Medicinal-marihuana conviction sheds light on ambiguous drug law
The Czech Republic is known for its liberal attitude towards marihuana, ranking top of the European ladder in the number of people who smoke pot. But a court in the town of Tábor, South Bohemia, recently bucked this trend when it handed a fifty-two year old woman a two month suspended sentence for growing and using marihuana as medicine.
“I was growing cannabis for my personal use as medicine. I was inhaling it for my asthma, and I made ointments for my arthritic pains as this is a very well indicated treatment. Some of the ointments I also distributed – for free – to my neighbours. The whole village would come to my place to get ointments when they had joint paints and sunburns and other problems like psoriasis and eczema and so on.”
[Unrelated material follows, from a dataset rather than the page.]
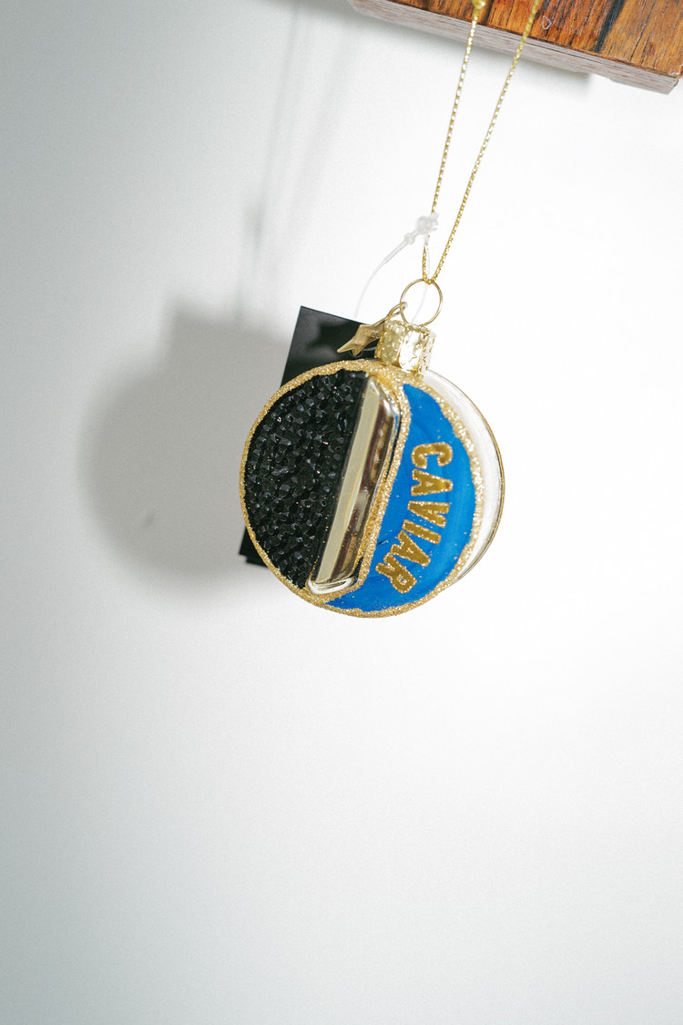 - Ornament glass Rose black and blue caviar tin can -

Reviewing a similar case, the Czech Supreme Court ruled in February this year that production of cannabis for medicinal purposes was not illegal. But Ms Bryndová was sentenced because she admitted to having inhaled cannabis, albeit as medicine. Moreover, the police report said that the content of THC in her plants was far below levels that are found in marihuana used as a drug. Klára Veselá – Samková, Ms Bryndová’s attorney, says the judge was in a difficult position, too.“I understand the judge because he tried to make up for bad legislation with his decision. According to the Supreme Court, growing of cannabis is not a criminal offence and preparation of ointments from cannabis is not a criminal offence, either. If the judge had also said that smoking, or inhaling, of cannabis, was not a criminal offence, it would have in fact eliminated the effect of the law.”
Libuše Bryndová explains that the sentence she received for growing and using cannabis as medicine paradoxically helped her in her own community.
“The first reaction was terrible. I couldn’t talk to anybody but my chickens and cats because nobody talked to me after the police raid. It took half a day, and I live in a small village of some 200 people, and I was immediately labelled a criminal. People forbade their children to talk to me. But after I was convicted six months later, and people read in the newspapers that I was really convicted only because of low-potent cannabis and making ointments, they realized that I wasn’t a criminal and they started talking to me again; some of them even apologized for having ignored me before.”
Ivan Douda, the founder and supervisor of Prague’s Drop In centre, believes the Czech anti-drug and especially anti-marihuana laws need to be clarified so that in similar cases, courts don’t pass contradictory verdicts.
“It’s debatable whether the existing marihuana law is the same law for all judges. It is possible to interpret the law in very different ways, and different judges pass different rulings, and that’s a problem. From a superficial point of view, a two months suspended sentence is not too much but the basic principle is that it was only used as medicine. The law is not good if it’s possible to interpret it like this.”
Ms Bryndová appealed the verdict on the spot and a court of the next level is expected to handle the case in the autumn. If the original verdict is upheld, Libuše Bryndová is determined to take her case to the Supreme Court, hoping it could also bring about a change to the ambiguous Czech drug laws.